DeWitt is governed by a mayor and five-member council. The mayor is Steve Hasenmiller.

==Railroads==
DeWitt is served by the Union Pacific along the south side on tracks originally built by the Chicago and Northwestern railroad. Until 1971, the Milwaukee Road entered DeWitt from the north and ran along 7th Avenue before crossing the tracks of the former Chicago & Northwestern into Scott County. The tracks between DeWitt and Eldridge Junction were abandoned in 1931. The Milwaukee Road rail between Maquoketa and DeWitt was abandoned by 1970. Several buildings along 7th Avenue still show signs of rail loading and unloading. These include apartments, once a paper box factory at the northwest corner of 7th Avenue and 7th Street, as well as sheds and elevator buildings between 5th and 7th Streets. The old Chicago & Northwestern Depot was destroyed by fire circa 1969 and never rebuilt. The depot for the Milwaukee Road was at the northeast corner of 7th Avenue and 7th Street. It was converted into commercial use, but has since been demolished.

==Area highways==
DeWitt is served by U.S. Highways 30 & 61. At one time the highways met at the northwest corner of the City Park to the north of the city center business district. By 1980 both highways were moved to new alignments around the south and west sides of DeWitt, first suggested in a plan from the early 1960s.

==Education==
DeWitt is home to the Central DeWitt Community School District. In addition to DeWitt, the nearby cities of Grand Mound, Low Moor, and Welton are also a part the school district. It was previously known as the Central Clinton Community School District until July 1, 2014.
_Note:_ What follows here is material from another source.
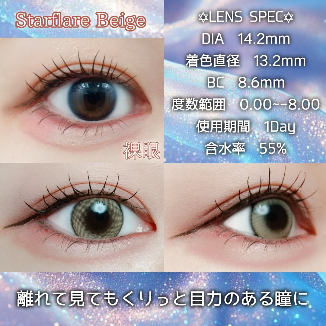 - ガラス玉に閉じ込めた無数のきらめきが、あなたの瞳で自信に変わる。 回っても、ずれても、輝きが続く”ガラス玉レンズ”。 <アイコニックグレー > 水面に揺れる光のようなきらめきで印象的な瞳を叶えます。 瞳の輪郭を優しく縁取る太フチに、象徴的な半月ハイライトが瞳に上品な立体感を与えます。 <アイコニックブラウン > 水面に揺れる光のようなきらめきで印象的な瞳を叶えます。 瞳の輪郭を優しく縁取る太フチに、象徴的な半月ハイライトが瞳に上品な立体感を与えます。 <スターフレアグレー > 降り注ぐ星屑のようなハイライトデザインが、ドラマティックな輝きを与えます。 視線を奪うくっきりとした細フチに、繊細に重なり合うハイライトが主役級の輝きをプラスします。 <スターフレアベージュ > 降り注ぐ星屑のようなハイライトデザインが、ドラマティックな輝きを与えます。 視線を奪うくっきりとした細フチに、繊細に重なり合うハイライトが主役級の輝きをプラスします。 <デイグローグレー> 光をふわりと滲ませるグローカラーが、瞳にヘルシーな艶を仕込みます。 ナチュラルに滲むようなぼかしフチでくりっとした立体感を演出し、内側のグロウカラーが、瞳に光沢感をプラスします。 <デイグローブラウン > 光をふわりと滲ませるグローカラーが、瞳にヘルシーな艶を仕込みます。 ナチュラルに滲むようなぼかしフチでくりっとした立体感を演出し、内側のグロウカラーが、瞳に光沢感をプラスします。 カラーコンタクトレンズの不適正使用による眼障害の危険性等などがあります。 ●コンタクトレンズは高度管理医療機器です。不十分な洗浄・消毒など不適切なケアや、長時間・交換期間を超えた装用により、アレルギー性結膜炎、角膜感染症、角膜潰瘍等の重篤な眼障害が発生する危険性があります ●ご使用前に取扱説明書を確認してください 使用上の留意事項 ●眼科医院等を受診してからお求めください ●眼に異常を感じたら直ちにレンズ使用を中止し、お近くの眼科等で診察を受けてください ●医師の指示にしたがってご使用ください ●コンタクトレンズを装用する場合、自覚症状がなくても、眼科医院等での定期検査を受けてください ●レンズに不具合がある場合は使用しないでください

St. Joseph Catholic Church operates a K-8 school. The Junior and High School portions was closed in the 1960s. The mascot for St. Joseph School is the Eagle.

Frances Banta Waggoner Community Library is the local community library.

==Media==
The DeWitt Observer serves as DeWitt's primary local newspaper. In addition to DeWitt, The Observer also serves much of rural eastern Clinton County.